Detailed Description

Background. In cases with pleural effusion, tissue samples can be obtained through Abrams' needle pleural biopsy, thoracoscopy, or cutting-needle pleural biopsy under the guidance of computerized tomography or ultrasonography for histopathological analysis. This study aims to compare the diagnostic efficiency and reliability of Abrams' needle pleural biopsy under computerized tomography guidance with that of cutting-needle pleural biopsy under ultrasonography guidance in patients with pleural effusion.

Methods. Patients with exudative pleural effusion, who could not be diagnosed by cytological analysis, will be included in the study. All patients were randomized following the thoracic computerized tomography with contrast enhancement. Patients either underwent Abrams' needle pleural biopsy under computerized tomography guidance or the cutting-needle pleural biopsy under ultrasonography.

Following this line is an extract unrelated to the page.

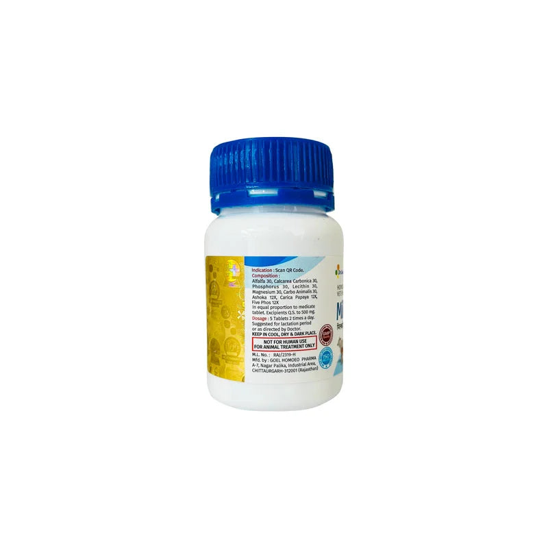 MILKOGEN is an advanced Homoeopathic Veterinary formulation for lactating animals. MILKOGEN stimulates the lactating tubules and nourishes them by increasing the metabolism of calcium and other important minerals that aid in the production of milk. It helps in restoring the decreased milk production resulted due to calving, acute illness, deworming, vaccination, or any other stress. It helps in improving the metabolism of the liver, thus reducing the stress on calcium channels and other essential minerals, thus reducing the load on long bones. It increases both the quantity and quality of milk by improving the fat milk percentage.

The two groups will be compared in terms of diagnostic efficiency and in terms of complications associated with the methods used.

Study Timeline

• Study Start: 2009-04
• Study First Submitted: 2010-08-26
• Status Verified: 2010-09
• Study First Submitted QC: 2010-09-07
• Study First Posted: 2010-09-08
• Primary Completion: 2011-01
• Study Completion: 2011-04
• Last Update Submitted: 2011-05-16
• Last Update Posted: 2011-05-17

Recruitment & Eligibility

• Status: COMPLETED
• Sex: All
• Target Recruitment: 120

Inclusion Criteria

• Patients with exudative pleural effusion who require invasive procedure for diagnosis

Exclusion Criteria

• Patients without pleural effusion

Study & Design

• Study Type: INTERVENTIONAL
• Study Design: PARALLEL

Arm && Interventions

Group	Intervention	Description
Patients under CT- guided pleural biopsy	CT-Guided pleural needle biopsy with Abrams' needle	Arm A: Patients who go under CT-guided pleural needle biopsy for pleural diseases
Patients under ultrasonography guided needle biopsy	Ultrasonography guided cutting pleural needle biopsy	Arm B: Patients who go under ultrasonography guided cutting needle pleural biopsy for pleural diseases

Primary Outcome Measures

Name	Time	Method
To compare the sensitivities and specificities of two diagnostic methods for pleural diseases to establish which method is more effective.	28-months	The investigators will determine which method more efficient for the diagnosis of pleural diseases establishing sensitivity and specificity of the methods. After establishment of sensitivity, specificity and side effects for each diagnostic method the investigators will compare them according to the method and determine which method is more efficient.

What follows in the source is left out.